# Exercise objective
Leave the pictures out, and repeat exactly every line from the one with "Crafted from brass" through the end of the data below.

# Data excerpt
——————
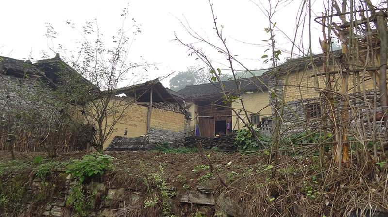 考察結束後,我們隨龍縣長走訪了附近幾家苗民農戶和一座廢棄的苗寨。苗寨依山勢而建,三面環山,僅有一通道可供出入。通道設有寨門,整個苗寨狀若口袋。若官兵或土匪入侵苗寨後,僅須關閉寨門,就可如甕中捉鱉般將敵人殲滅。
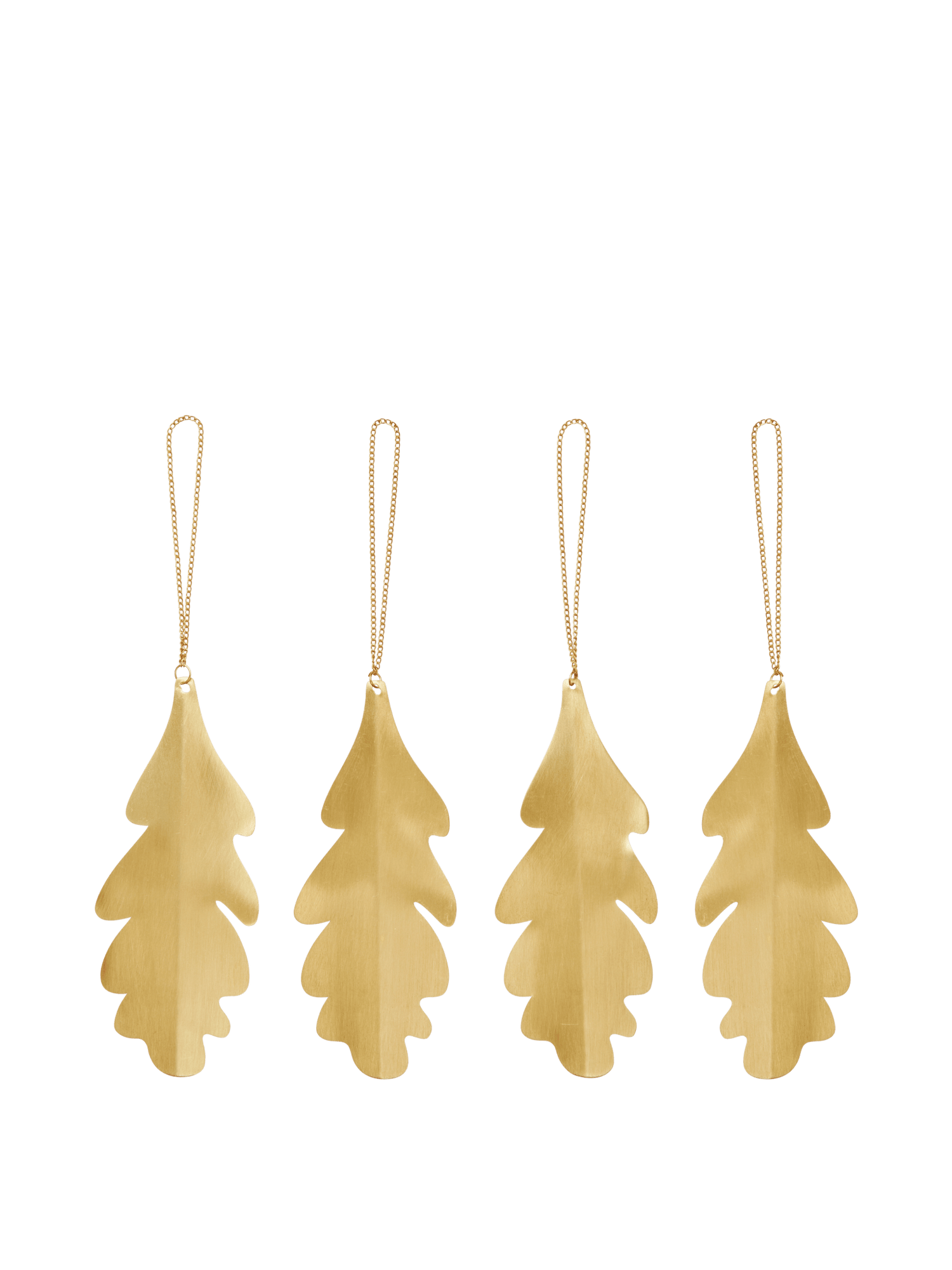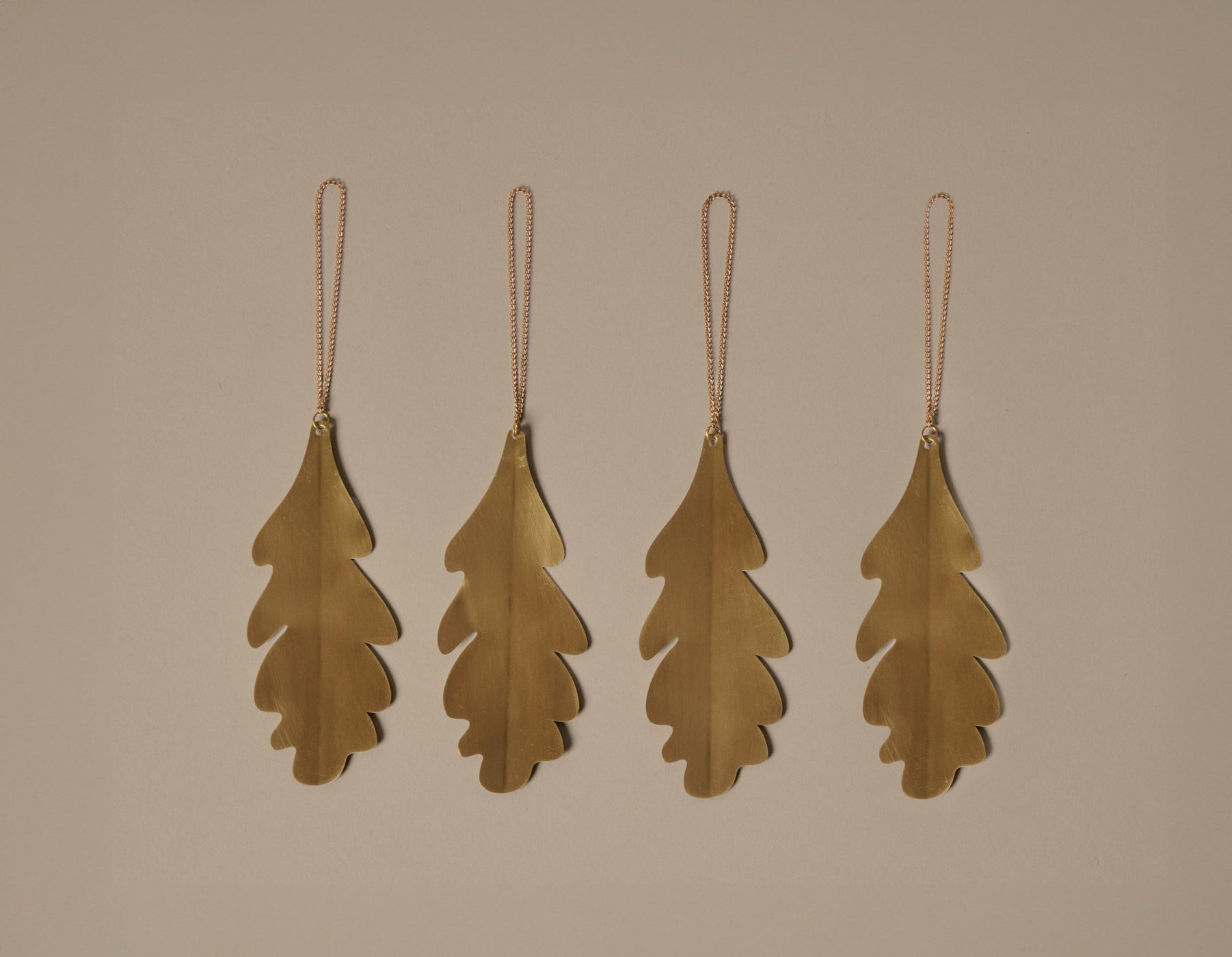 Crafted from brass with clear lacquer and brass chain, the Oak Leaf Brass Ornaments - Set of 4 reflects Ferm Living’s signature combination of artistry, practicality, and timeless Scandinavian design.
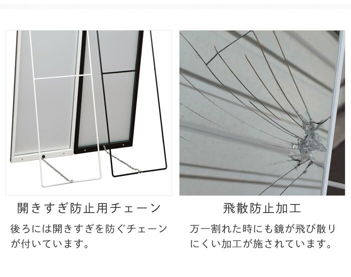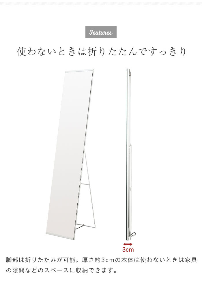 | スッキリとした印象で圧迫感がなく、お部屋を広く見せる効果のあるノンフレームスタンドミラー。 ミラーは飛散防止加工が施されているので、万が一強い衝撃が加わったとしても破片が飛び散らないので安心です。 使わない時は折りたたんで家具のすき間などに収納できるので邪魔になりません。 どんなお部屋にも馴染むホワイトカラー。 |
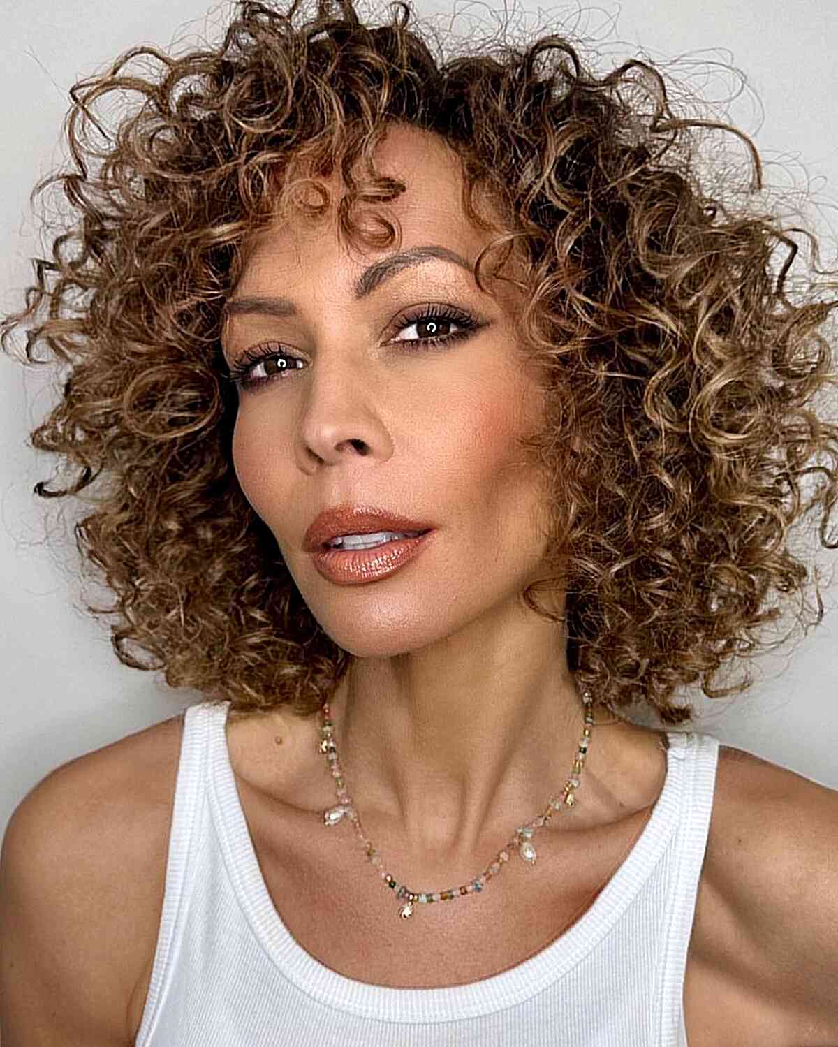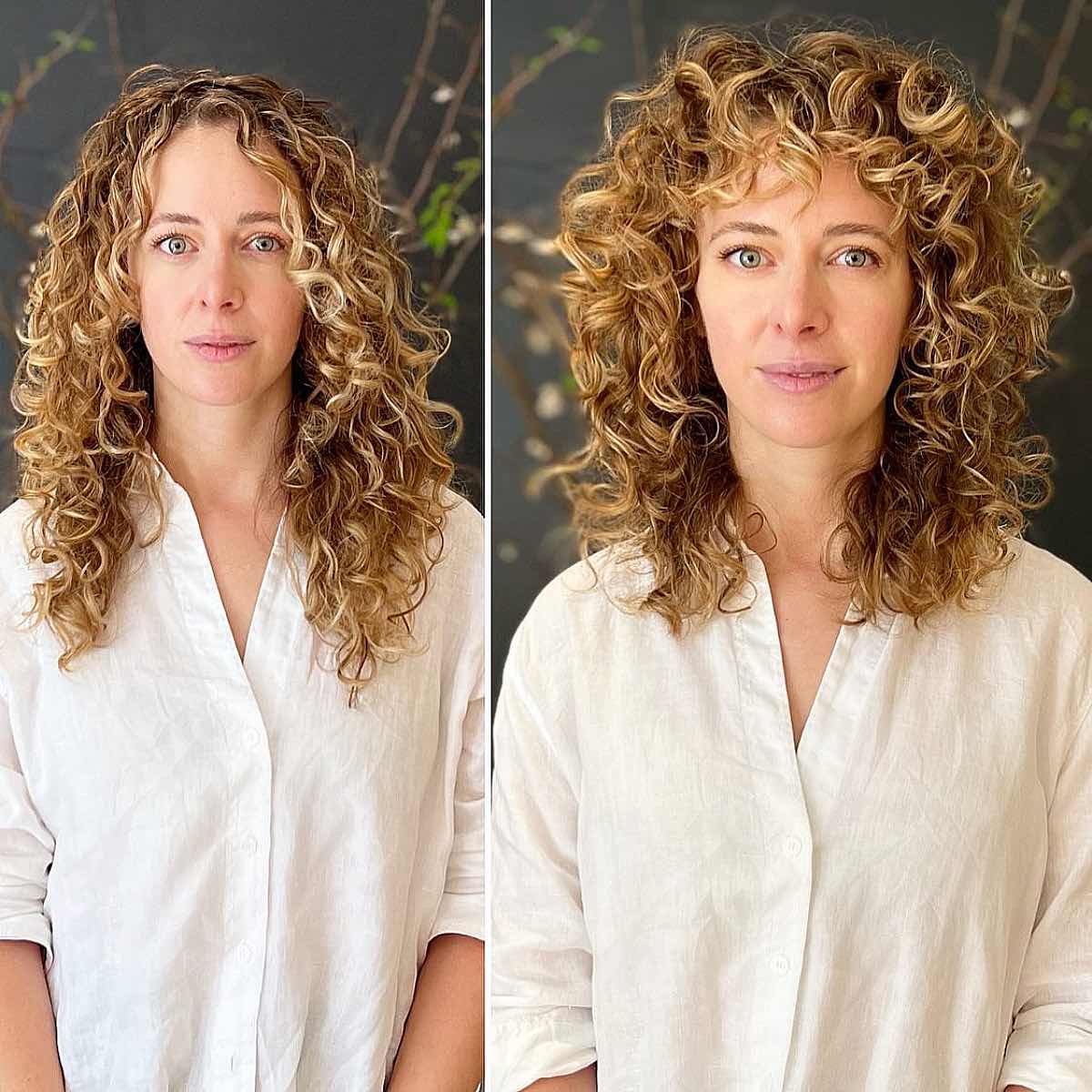 #11: Stylish Curly Hair with Bangs for Women 40 and Beyond
——————
# Answer to the exercise
 Crafted from brass with clear lacquer and brass chain, the Oak Leaf Brass Ornaments - Set of 4 reflects Ferm Living’s signature combination of artistry, practicality, and timeless Scandinavian design.
 | スッキリとした印象で圧迫感がなく、お部屋を広く見せる効果のあるノンフレームスタンドミラー。 ミラーは飛散防止加工が施されているので、万が一強い衝撃が加わったとしても破片が飛び散らないので安心です。 使わない時は折りたたんで家具のすき間などに収納できるので邪魔になりません。 どんなお部屋にも馴染むホワイトカラー。 |
 #11: Stylish Curly Hair with Bangs for Women 40 and Beyond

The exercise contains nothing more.